Ивоннель в ответ на изумленный взгляд наемника лишь в очередной раз пожала плечами.
— Я научилась видеть само время иначе, нежели простые смертные, — объяснила она и небрежно усмехнулась, словно умаляя собственные достижения. — Мои воспоминания старше моего тела и моего сознательного «я» на тысячи лет! Ты не в состоянии понять, что это означает, дядя.
— У меня тоже имеется прошлое, и я отнюдь не так уж молод. Не забывай: я был знаком с женщиной, которой принадлежат эти воспоминания, и некоторые из них хранятся также и в моей памяти.
— Это отнюдь не то же самое. Ты даже отдаленно не можешь представить себе, о чем идет речь. Это не просто истории, рассказанные мне, это не песни барда — пусть они будут правдивы от первого до последнего слова. Нет, это и не простые воспоминания об отдаленном прошлом. Все события, о которых идет речь, свежи в моей памяти, словно они произошли не тысячи лет назад, а совсем недавно. Я могу вызвать в памяти самые первые сражения, в которых принимала участие Верховная Мать Бэнр, я ощущаю боль от ран, чую запах крови, — продолжала она. Джарлаксу внезапно показалось, что Ивоннель разговаривает не с ним, а сама с собой, словно до нее наконец дошла природа ее прозрения и чудесного дара. — Это не просто воспоминания! Я могу представить себе, как она занималась любовью, пережить это так же живо, как будто это не моя тезка, а я сама сидела верхом на партнере. Живо представить, понимаешь! Я знаю, испытываю все то, что переживала она, даже тот невероятный, высший экстаз, которого Бэнр достигала в постели со своими любовниками. И не так, словно я подглядываю за этой сценой, ты понимаешь?

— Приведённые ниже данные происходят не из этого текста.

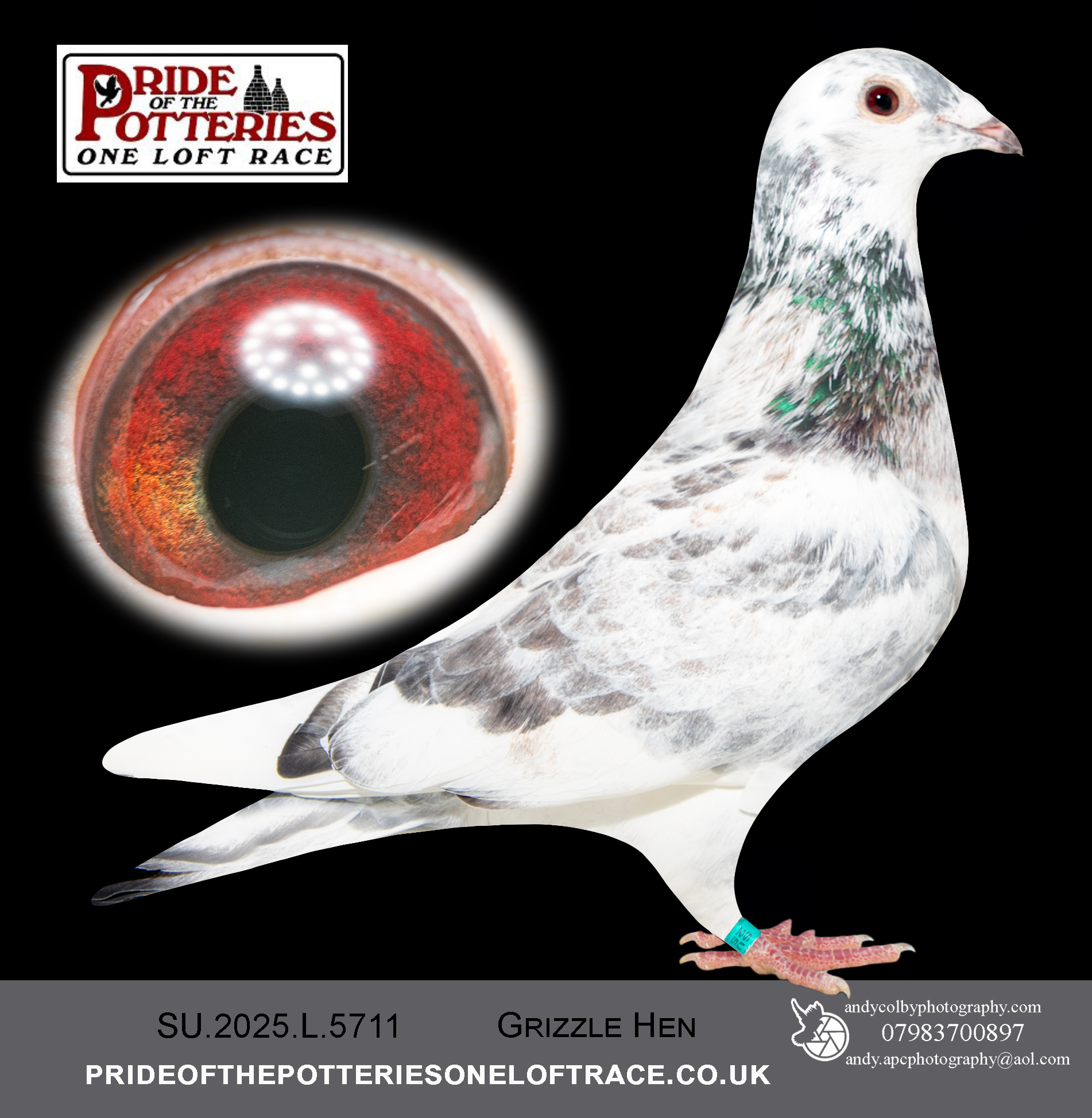 SU 24 L6722 Grizzle hen, she flew Kettering as a yearling 270 miles and both her parents come from May Pigeons.
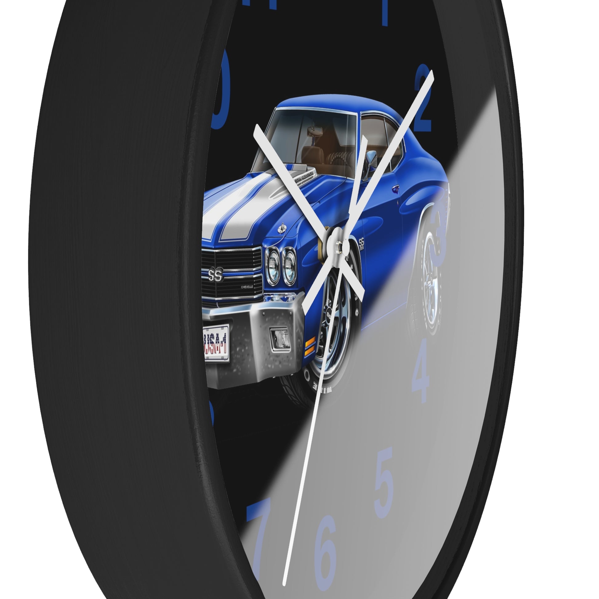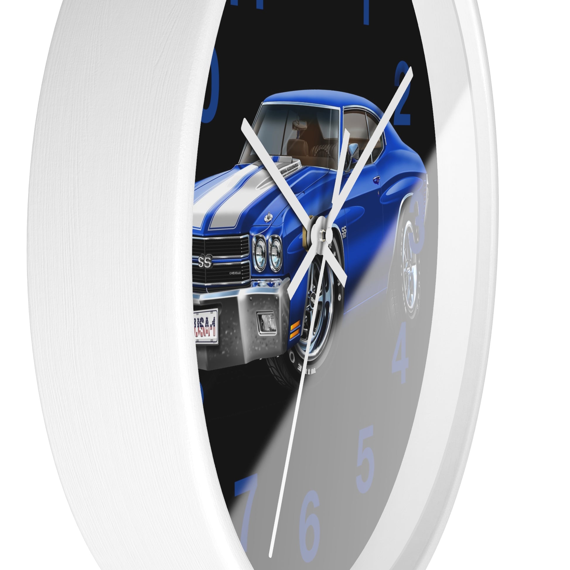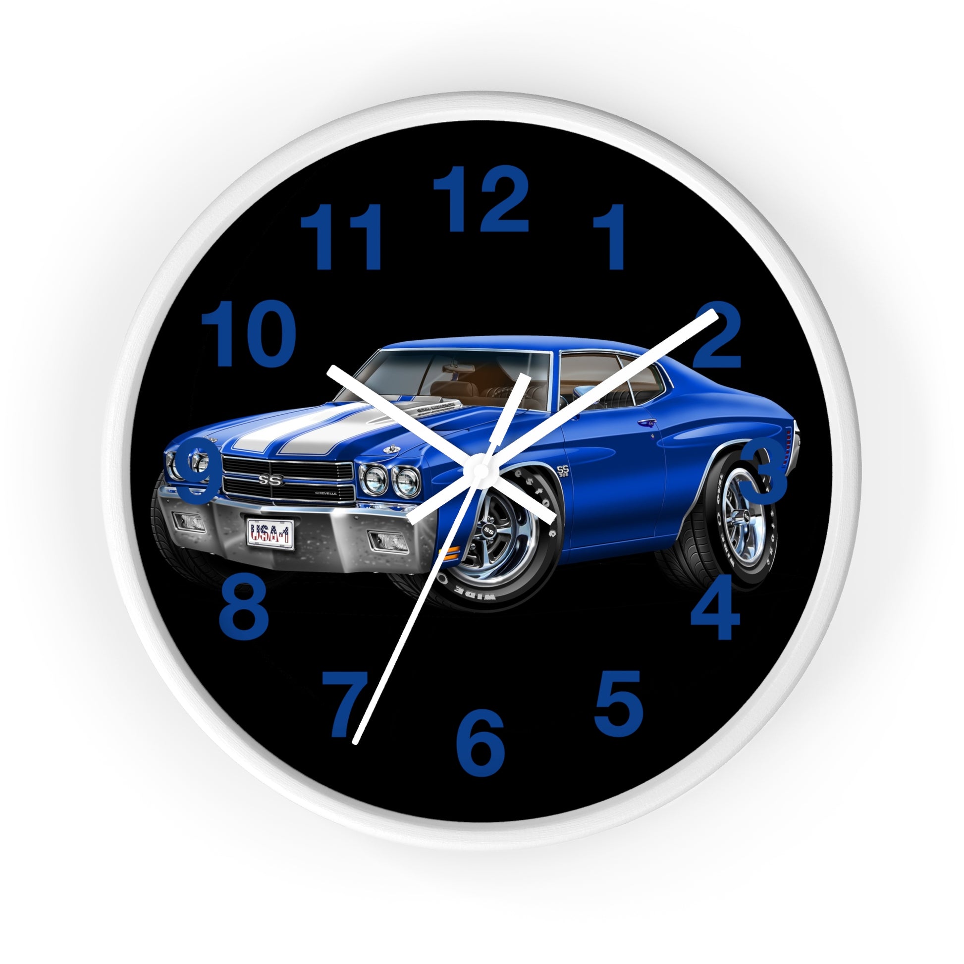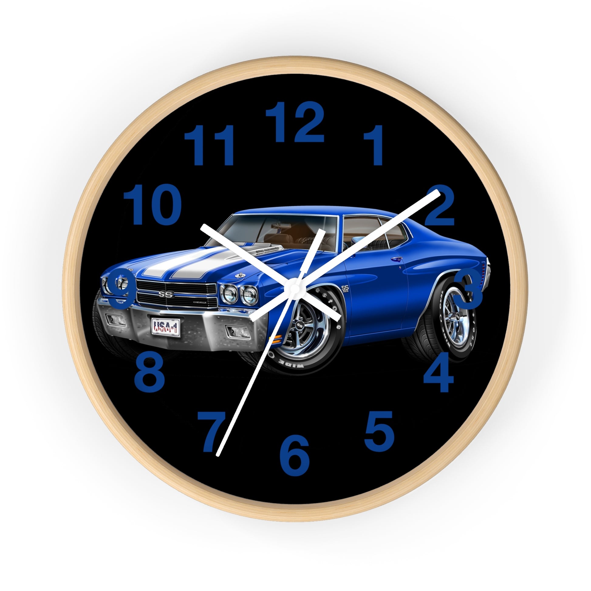 Classic 1970 Blue Chevelle Muscle Car Wall Clock — Vintage 1970s Chevy SS Design

— Не уверен, что мне хочется это понимать.
— Я знаю не только то, что она видела и чувствовала, — попыталась объяснить Ивоннель. — Мне доступны все образы, которые возникали в ее воображении, все мысли, которые проносились в ее мозгу в возбужденном состоянии — когда она доводила себя до экстаза. Мне бы хотелось это забыть, но увы…

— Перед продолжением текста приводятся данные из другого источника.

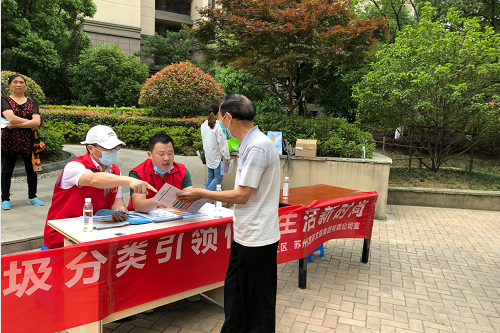 2020年5月22日,蘇高新文旅第四黨支部走進南津社區開展“垃圾分類 黨員先行”主題黨日活動。
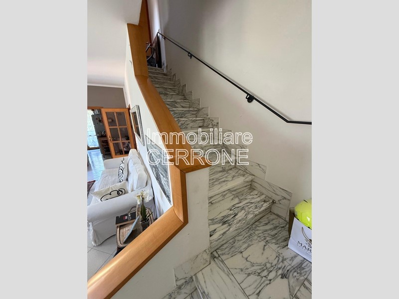 Dalla sala, tramite un’ elegante scala in marmo si accede poi al piano superiore dove troviamo la zona notte composta da 3 camere da letto, di cui due matrimoniali ed una cameretta, un terrazzo, disimpegno e bagno finestrato.
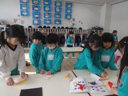 室内遊びでは折り紙に興味を持つ子が多くなってきました。アイロンをするのも上手になってきましたよ!折り紙の本を準備すると他のクラスの友達も遊びにきてくれて、一緒にジュースや風船、ハートなどを作って遊んでいます♪
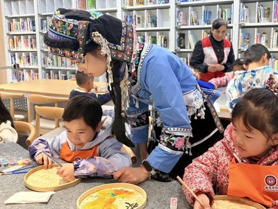 2026年1月10日,我校教育学院与白云区图书馆携手举办“非遗·布依族”绘本讲读与簸箕画制作公益活动,于白云图书馆负一楼少儿阅览区圆满落幕。本次活动由24级英语师范1班杨清霞担任主讲老师,学前教育专升本3班孙烜瑜担任助教,旨在向孩子们传递布依族非遗文化魅力,培养其对传统文化的兴趣与热爱。
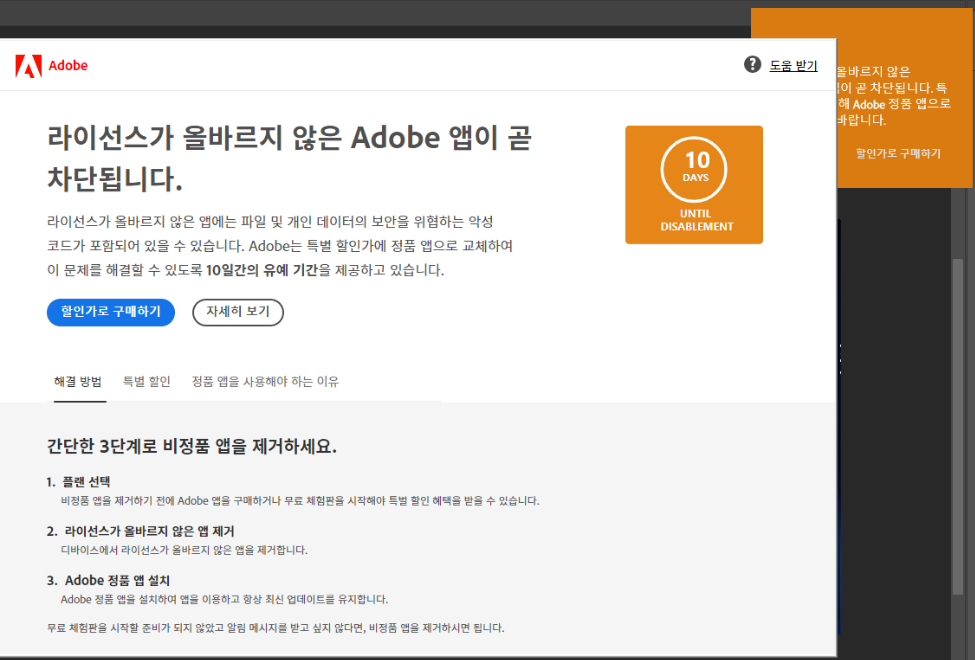 포토샵을 오래만에 실행해보니 라이선스가 올바르지 않은 Adobe 앱이 곧 차단됩니다.

Джарлакс едва не лишился дара речи.
— Неужели иллитид вложил в твой мозг нечто большее, чем просто воспоминания Верховной Матери Бэнр? Может быть, ты одержима безумием, ты не считаешь? Может быть, Киммуриэль…
— Нет, это не безумие, не одержимость, меня не преследуют призраки и видения, — спокойно ответила Ивоннель. — В конечном счете, несмотря на то что это иногда оскорбляет мои чувства, это дар. Я владею опытом существа, прожившего на свете тысячи лет, и воспоминания об этом опыте еще свежи. Я чувствую, что это позволяет мне судить о настоящем и предвидеть будущее практически безошибочно, лучше, чем… кто–либо другой. Считается, что старые люди мудрее молодых, поскольку они наблюдали некоторую цепочку событий много раз и видели, к чему приводят эти ситуации. Итак, близкое знакомство с Ивоннель Вечной, ее воспоминаниями, чувствами, откровениями и самим ее опытом дало мне мудрость.
— И именно поэтому ты в состоянии терпеливо ждать того дня, когда Дзирт станет свободен?
Ивоннель рассмеялась, и Джарлакс присоединился к ней. Ему показалось, что это довольно–таки жалкий пример горизонтов, которые ей доступны.
Но Джарлакс засмеялся вместе с девушкой еще и потому, что он понял: она смеется искренне. Он понимал, что Ивоннель превосходно владеет не только магией. Эта опасная женщина была искусна в дипломатии и обмане; но ее объяснение, ее суждения и образ мыслей показались Джарлаксу весьма убедительными.
Все… укладывалось в единую схему. Почему–то все совпадало со взглядами Джарлакса на мир вообще. Действительно, некая логика была присуща такому невероятному, из ряда вон выходящему явлению, как рождение Ивоннель и переданные ей воспоминания.
Джарлакс не до конца поверил в то, что девушка ничего не знает о возвращении Закнафейна, — он даже подозревал, что она каким–то образом причастна к этому событию.
Но почему–то это не слишком волновало его.